Darwin Day 2012

By Dan Tang

On Sunday, 12 Feb 2012, the Humanist Society (Singapore) celebrated Darwin Day 2012 at Onepeople.sg. That day was also extraordinarily special as for the very first time, our friends in Malaysia joined us to commemorate Darwin’s 203th birthday together along with two invited distinguished speakers. Altogether, around approximately 80 people turned up for this event.

In the first hour, our first guest speaker, Dr John Elliot, gave a talk on “Can Morality Evolve?”. He addressed the basis for which why moral rules and frameworks are found in all societies and the fallacy that it is in human nature that people would inevitably behave in immoral ways without religious belief. Rather, the positive contribution of religions has been to harness such moral propensities, and direct them beyond immediate communities and family to a more universal ideal.

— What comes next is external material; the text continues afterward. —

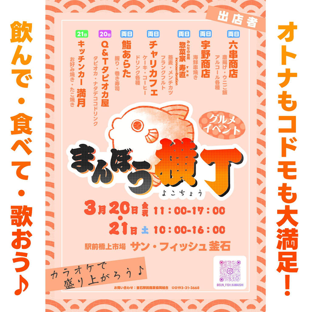 サン・フィッシュ釜石からお知らせ 📣イベント開催情報📣 🔊3月の3連休もイベント開催しまーす📢 ![]() 📆3月20日(金・祝)・21日(土)🗓 グルメイベント まんぼう横丁 を開催いたします🎉 今回出店の事業者の方々をご紹介✨ 六串商店 @mukushisyouten 様 宇野商店 @unoshouten 様 みんなの台所 惣菜家 寿直 @increasevibrationsunao 様 チャリカフェ @charicafe 様 Q&T タピオカ屋 @qandt1002 様 20日(金)のみ キッチンカー 満月 様 21日(土)のみ ランチメニュー🍴 ビールのお供🍺 コーヒー&スイーツまで😋 オトナもコドモも楽しめること間違いなし👉 3連休はぜひぜひサン・フィッシュ釜石へお越しくださ~い🏃 【公式Instagramで随時情報更新します🙌】 ☆一緒に仕事しませんか?☆ ☆1階テナント出店随時募集中!!☆ サン・フィッシュ釜石ではテナントを募集しております。 短期出店でもOKです。 詳細につきましては下記管理事務所までお問い合わせ下さい! お問い合わせは・・・・・0193(31)3668 サン・フィッシュ釜石(釜石駅前商業協同組合)管理事務所まで ☆1階西側・みんなのキッチン☆ ![]() 釣った魚の下処理・お料理教室・各種イベントにご利用下さい。 使用料金は 1時間 1,000円 です。 利用には事前予約が必要です。 下記、管理事務所までご連絡お願い致します。 以下、6月12日に行われました”みんなで釣った魚を調理しよう!”でご利用頂いたスナップです。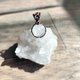 设计上顺着主石的体型做出可充分透光并且能360度转动的编织网,加上简洁的坠头与堇青石配石。水晶球们在不同背景与光源角度下都会不断变化,照片呈现的是我觉得最特别的那一面,但也很推荐在光源下每个角度都转动看看,或许能够找到属于你的那一面命定表情。

Dr John Van Wyhe delivered his talk on “Darwin’s life and what his work really achieved” to an enthusiastic audience in the second hour. He cleared the air on what is commonly believed about Darwin, explaining who Darwin really was and outlines what Darwin really said. Both talks accepted questions from the floor which generated lively discussions and laughter.

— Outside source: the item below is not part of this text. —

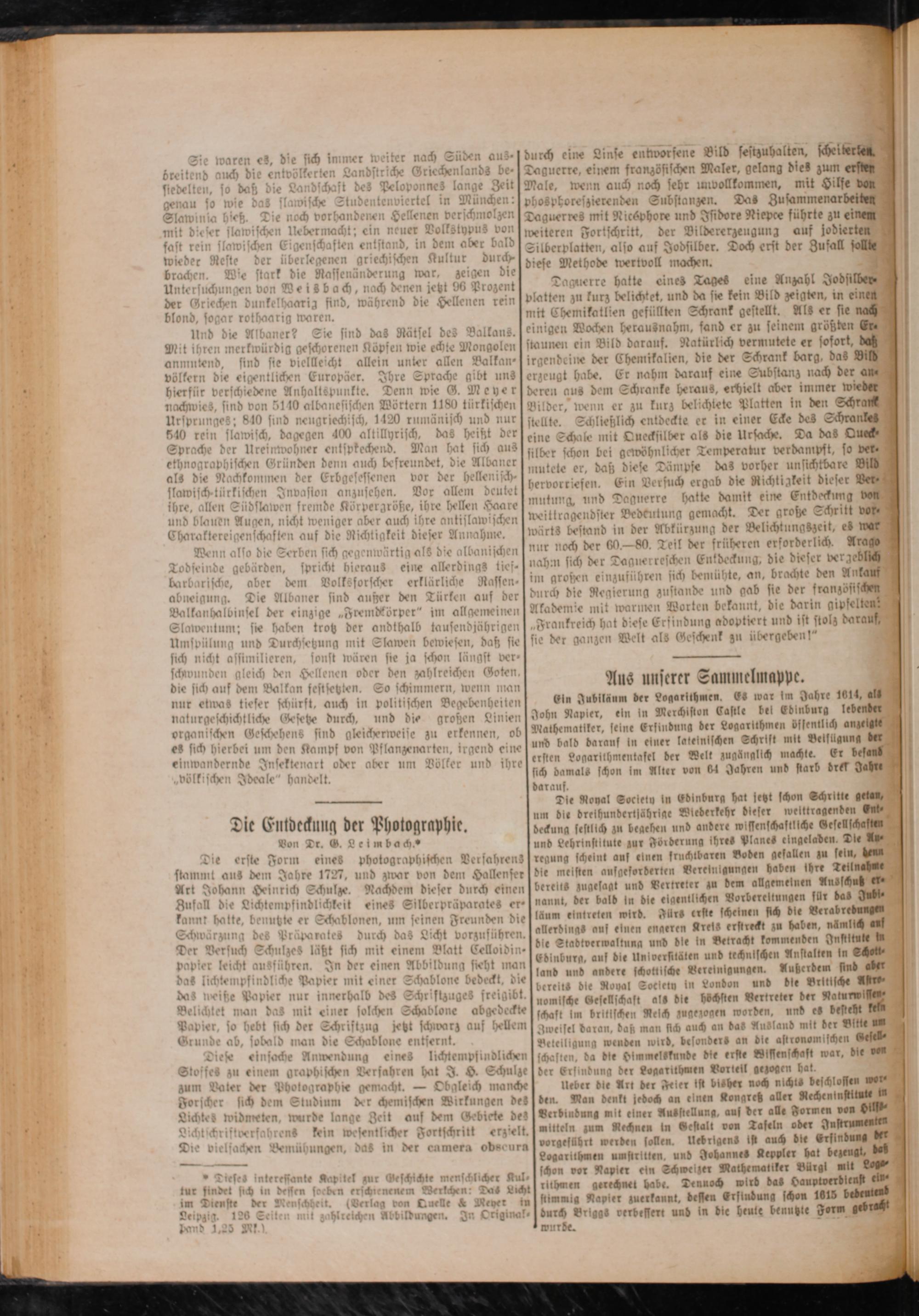 Ein Jubiläum der Logarithmen. Es war im Jahre 1614, als John Napier, ein in Merchiston Castle bel Ed burg lebender Mathematiker, seine Erfindung der Logarithmen öffentlich anzeige und bald darauf in einer lateinischen Schrift mit Beifügung der ersten Logarithmentasel der Welt zugänglich machte. Er befand ich damals schon im Alter von 64 Jahren und starb drer Jahre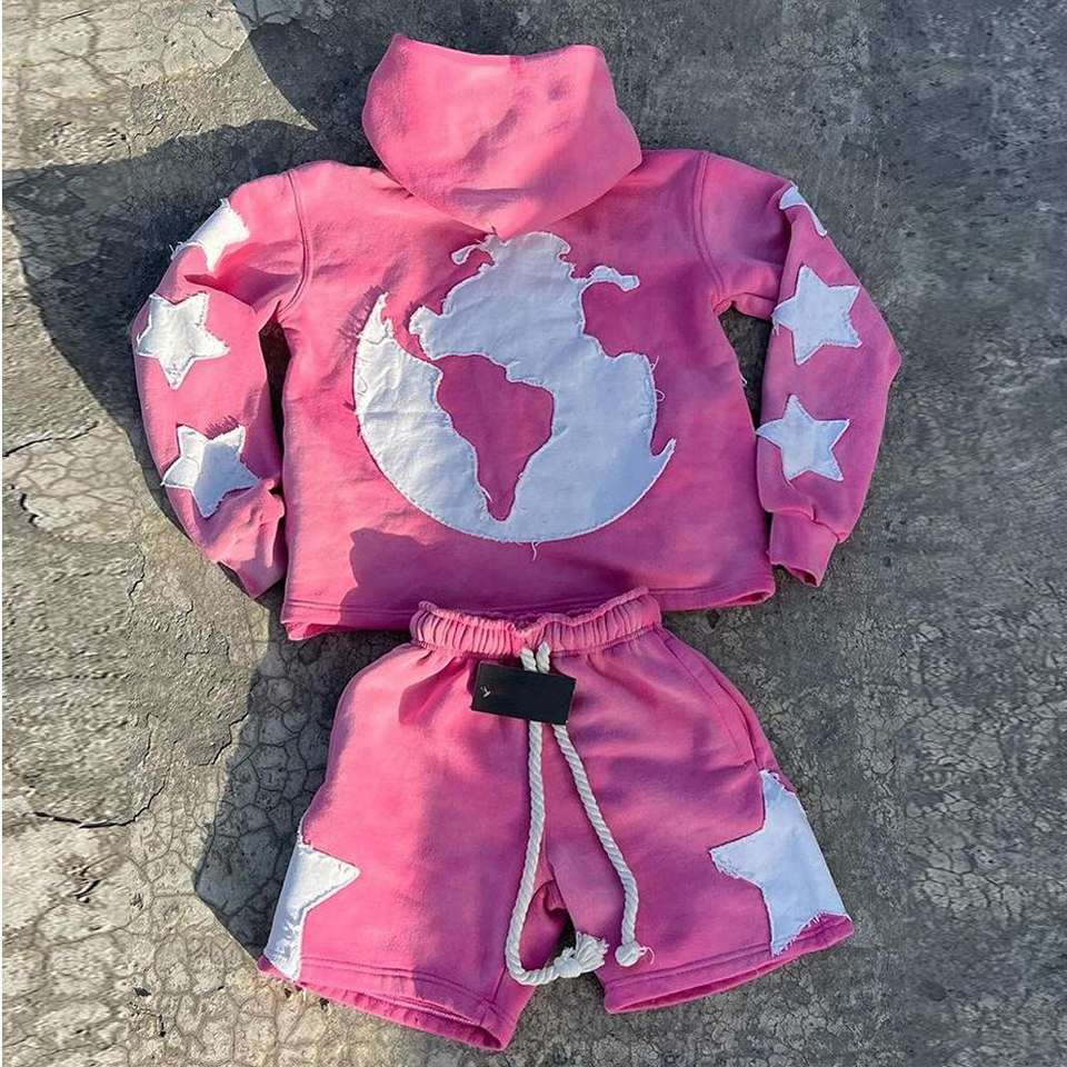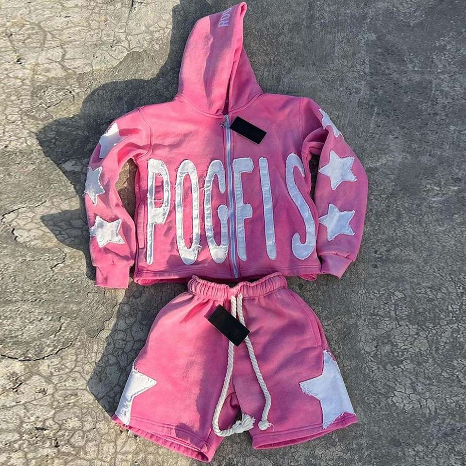 Ensemble de survêtements personnalisés à fermeture éclair, style déchiré, avec patchs et délavage acide, comprenant un sweat à capuche et un pantalon de survêtement, ou un short de survêtement, pour hommes et femmes

The progress of the talk was also broadcasted via a webcam to some of our friends in Malaysia who cannot make it to Singapore but simultaneously held a similar Darwin Day celebration in Kuala Lumpur. During the intermission between talks, members introduced themselves and interacted with each other over complimentary drinks and light snacks, shared their personal experiences, views on religion and forged some new friendships in a socially casual and relaxing environment.

Before the event closed for the day, Colin, a representative from UM, urged members of the HSS to forge closer links and give moral support to our friends from across the causeway as they, due to different social environment and realities, deal with much greater obstacles of as secular humanists, atheists and agnostics.

After the talk, lucky draws were held and 3 participants walked away with lovely book prizes sponsored by the Humanist Society (Singapore). We also thanked our distinguished speakers by offering them a special commemorative plaque featuring a tiger and a deer which symbolises the constant struggle between life forms in the evolutionary race for survival.

The father of modern evolutionary biology is a figure worth commemorating. His great work, “On the Origins of Species” has not only revolutionized modern biological sciences but also the outlook of many people worldwide, allowing them to understand how life could arise elegantly, without having the need to resort to unsatisfactory supernatural explanation of creation or divinity. We look forward for the next Darwin Day for more exciting things to come.